━━━━━ Input ━━━━━

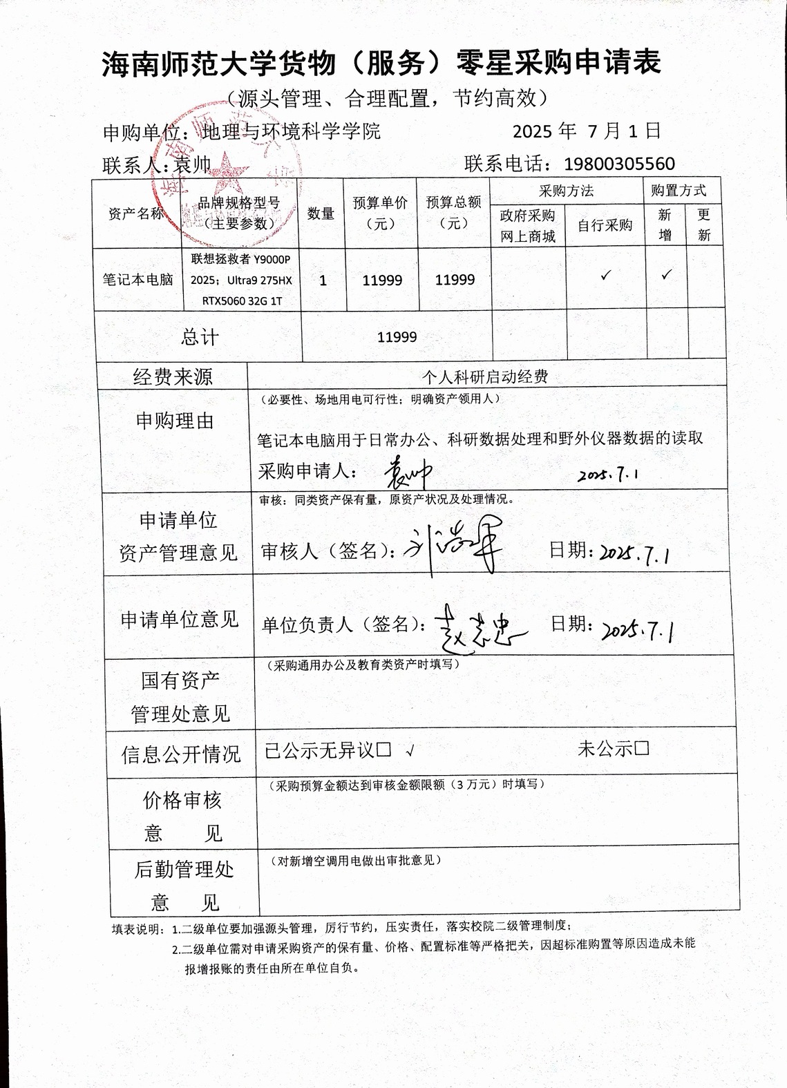 海南师范大学地理与环境科学学院袁帅老师设备 采购公示
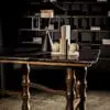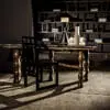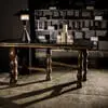 The Lucia Table Lamp features a bold, tiered design in matte black iron with antique brass accents. Inspired by Eastern architecture, it includes a frosted glass diffuser for soft, ambient light.
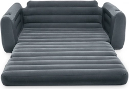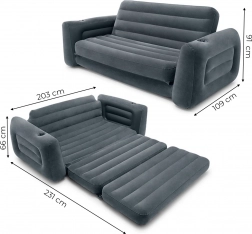 Velurová pohovka Intex s rozměry 231x203x66 cm je ideální pro dvě osoby. Vyrobena z odolného PVC materiálu, potažená hebkým velurem, snadno se defluje.
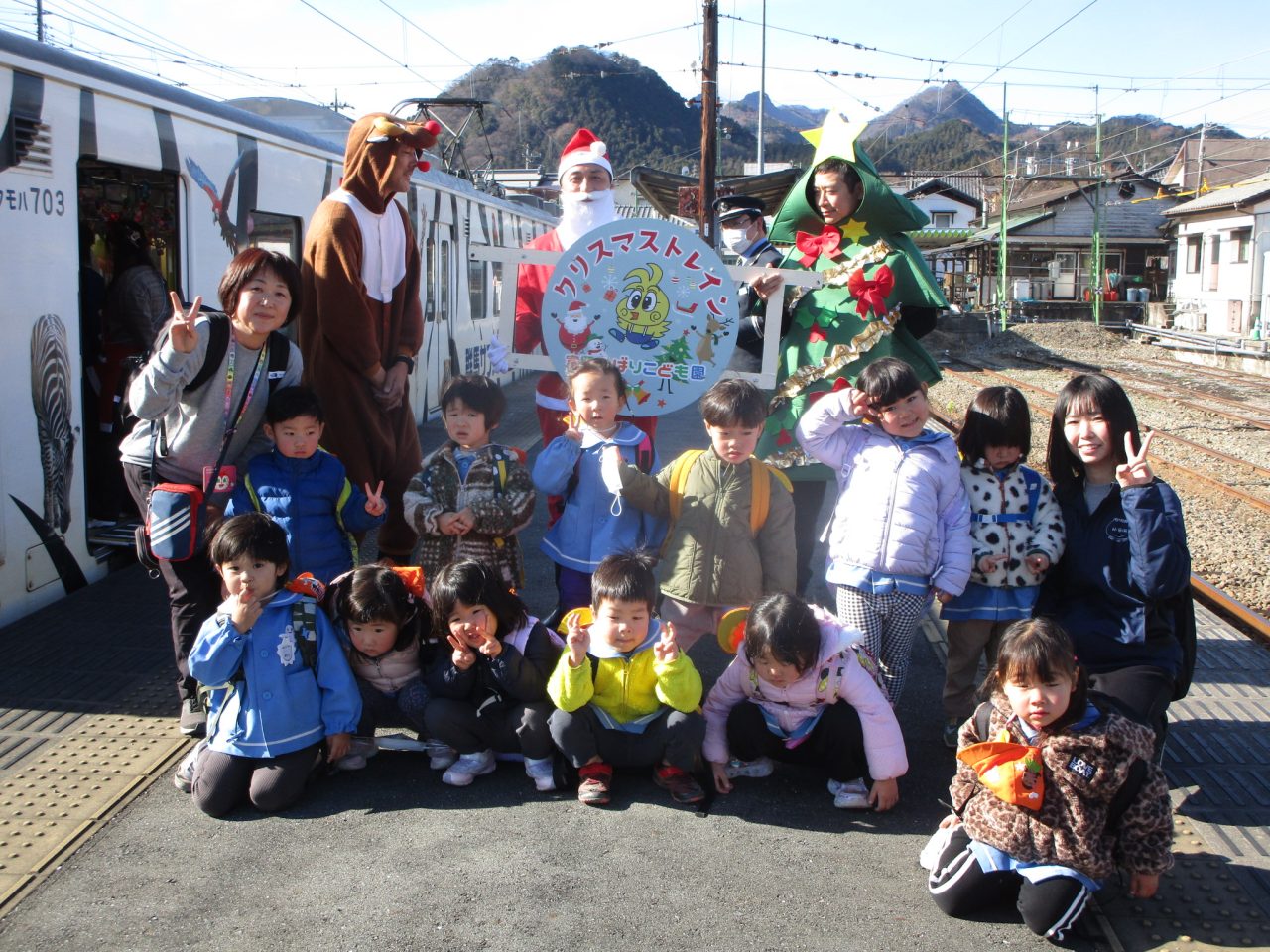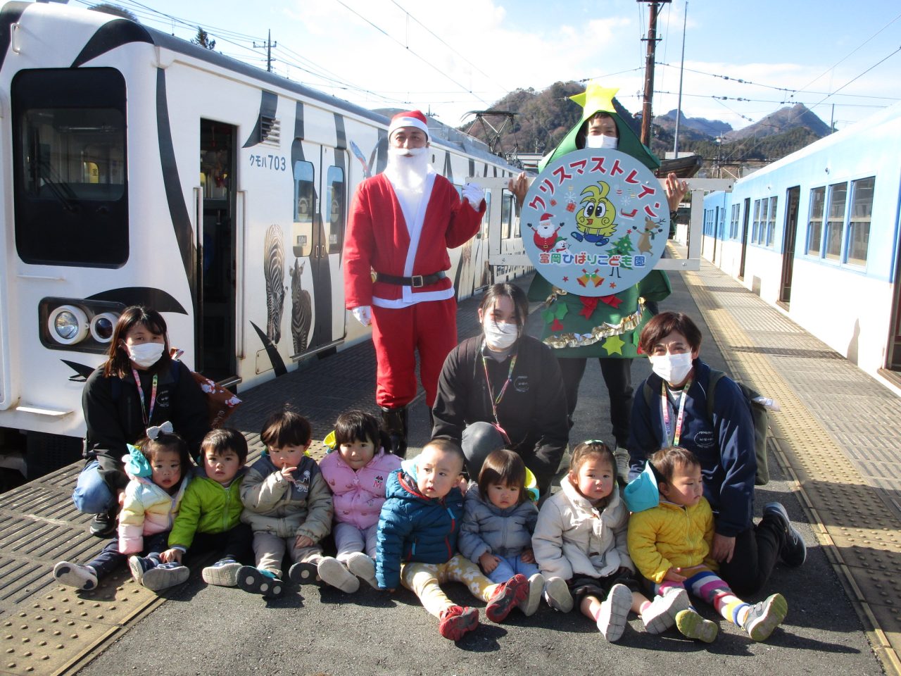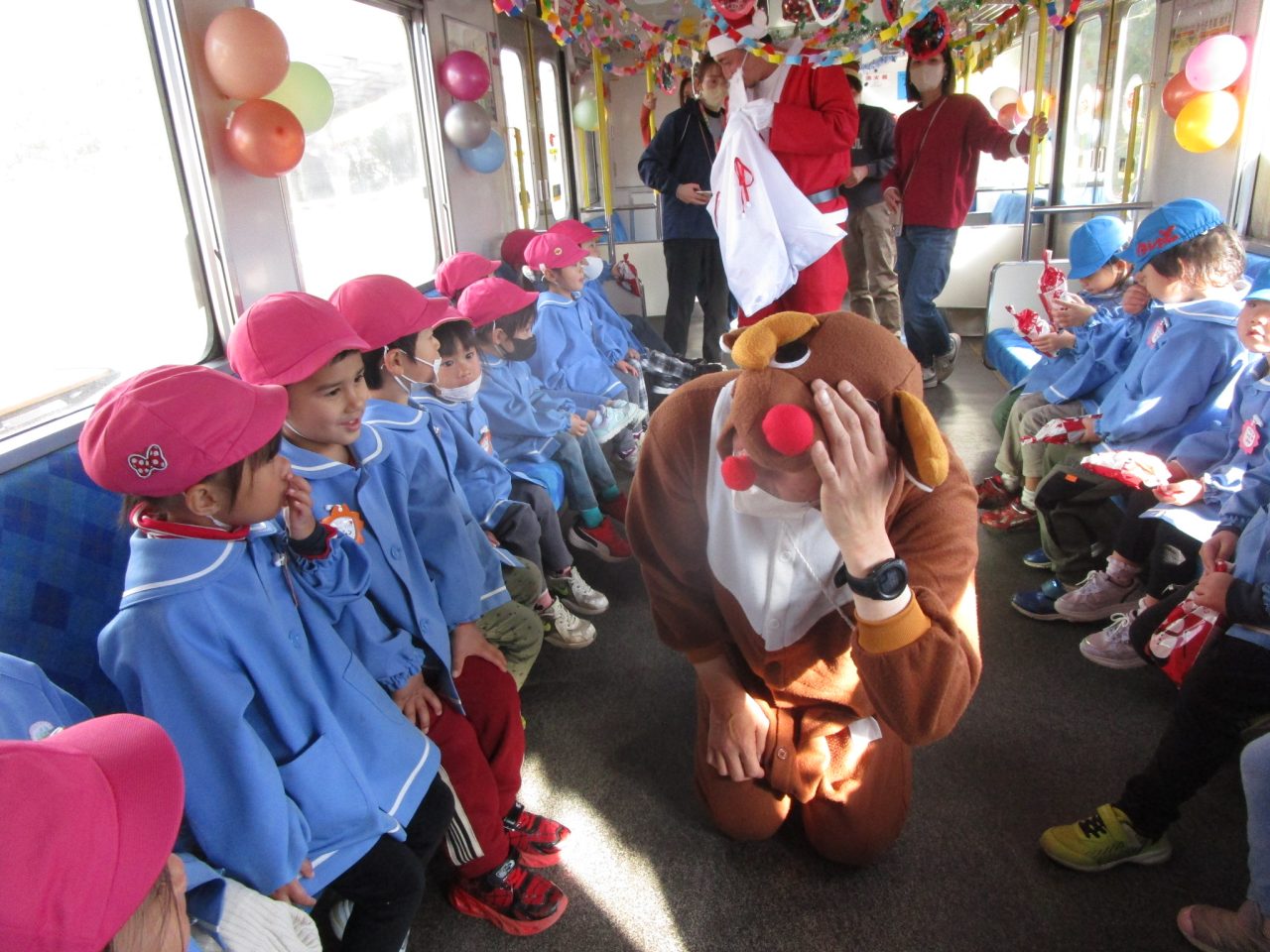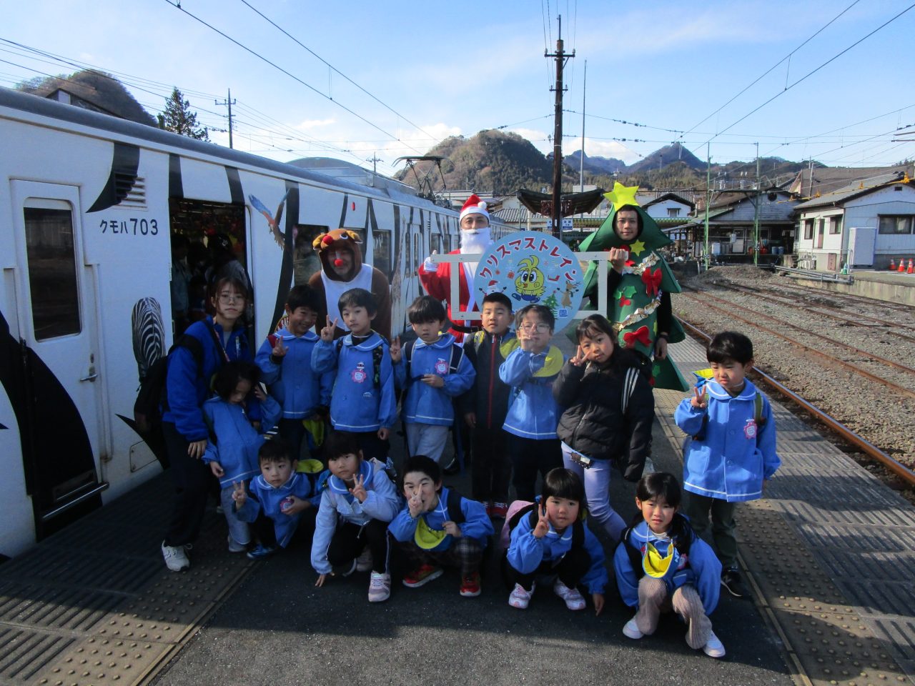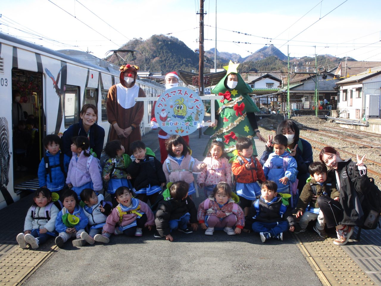 12月5日(金)毎年恒例の『ひばり号クリスマストレイン特別臨時列車』に乗って、下仁田駅まで行ってきました。新しいサファリ電車がひばり号に飾り付けられて富岡駅のホームに入ってくると子どもたちから大歓声が沸き上がりました‼電車の中は、たんぽぽ組さんからクラスごとに作った飾りや輪つなぎで🎄クリスマスムード一面。ちゅうりっぷ組もコスモス組も初めはちょっと緊張していたけれど🎅サンタさんにプレゼント🎁をもらって😊にこにこに・・・荷物の重そうなトナカイさん🦌に「がんばれー!」と応援して、サンタさんに「メリークリスマス、ありがとう」とお話ししたり、歌を歌ったりしながら下仁田駅へ到着🚃
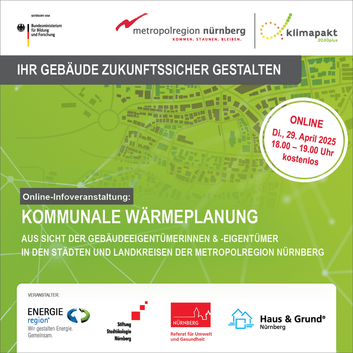 Die Veranstaltung ist Teil der Veranstaltungsreihe "Energetische Sanierung: Ihr Gebäude zukunftssicher gestalten" im Rahmen des Projekts Klimapakt2030plus. Sie wird gemeinsam von der ENERGIEregion Nürnberg e.V. und dem Initiativkreis „Wohnen & Energie“ des Forums „Klimaschutz und nachhaltige Entwicklung“ der Metropolregion Nürnberg veranstaltet.
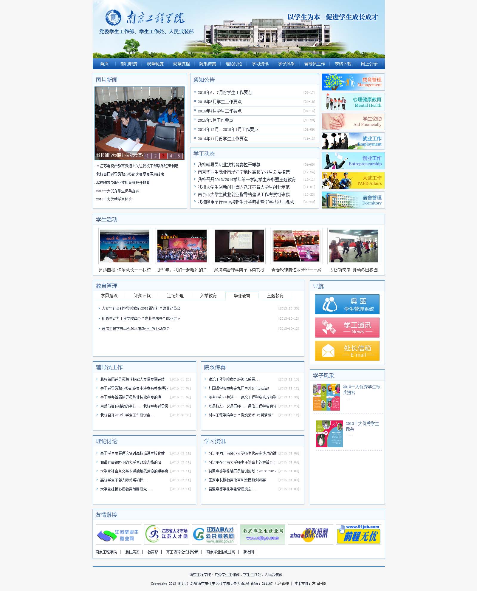 南京工程學(xué)院坐落于 歷史文化名城南京,是江蘇省屬普通高校,是全國高等學(xué)校教學(xué)研究會(huì)副理事長單位、全國應(yīng)用型本科院校專門委員會(huì)主任委員單位和中國產(chǎn)學(xué)研促進(jìn)會(huì)常務(wù)理事單 位,也是國家“卓越工程師教育培養(yǎng)計(jì)劃”首批試點(diǎn)高校和國家“CDIO工程教育模式改革研究與實(shí)踐”試點(diǎn)高校之一。

━━━━━

Task description:
Exactly as written, copy out the listing, but without any pictures.

Solution to this task:
 海南师范大学地理与环境科学学院袁帅老师设备 采购公示
 The Lucia Table Lamp features a bold, tiered design in matte black iron with antique brass accents. Inspired by Eastern architecture, it includes a frosted glass diffuser for soft, ambient light.
 Velurová pohovka Intex s rozměry 231x203x66 cm je ideální pro dvě osoby. Vyrobena z odolného PVC materiálu, potažená hebkým velurem, snadno se defluje.
 12月5日(金)毎年恒例の『ひばり号クリスマストレイン特別臨時列車』に乗って、下仁田駅まで行ってきました。新しいサファリ電車がひばり号に飾り付けられて富岡駅のホームに入ってくると子どもたちから大歓声が沸き上がりました‼電車の中は、たんぽぽ組さんからクラスごとに作った飾りや輪つなぎで🎄クリスマスムード一面。ちゅうりっぷ組もコスモス組も初めはちょっと緊張していたけれど🎅サンタさんにプレゼント🎁をもらって😊にこにこに・・・荷物の重そうなトナカイさん🦌に「がんばれー!」と応援して、サンタさんに「メリークリスマス、ありがとう」とお話ししたり、歌を歌ったりしながら下仁田駅へ到着🚃
 Die Veranstaltung ist Teil der Veranstaltungsreihe "Energetische Sanierung: Ihr Gebäude zukunftssicher gestalten" im Rahmen des Projekts Klimapakt2030plus. Sie wird gemeinsam von der ENERGIEregion Nürnberg e.V. und dem Initiativkreis „Wohnen & Energie“ des Forums „Klimaschutz und nachhaltige Entwicklung“ der Metropolregion Nürnberg veranstaltet.
 南京工程學(xué)院坐落于 歷史文化名城南京,是江蘇省屬普通高校,是全國高等學(xué)校教學(xué)研究會(huì)副理事長單位、全國應(yīng)用型本科院校專門委員會(huì)主任委員單位和中國產(chǎn)學(xué)研促進(jìn)會(huì)常務(wù)理事單 位,也是國家“卓越工程師教育培養(yǎng)計(jì)劃”首批試點(diǎn)高校和國家“CDIO工程教育模式改革研究與實(shí)踐”試點(diǎn)高校之一。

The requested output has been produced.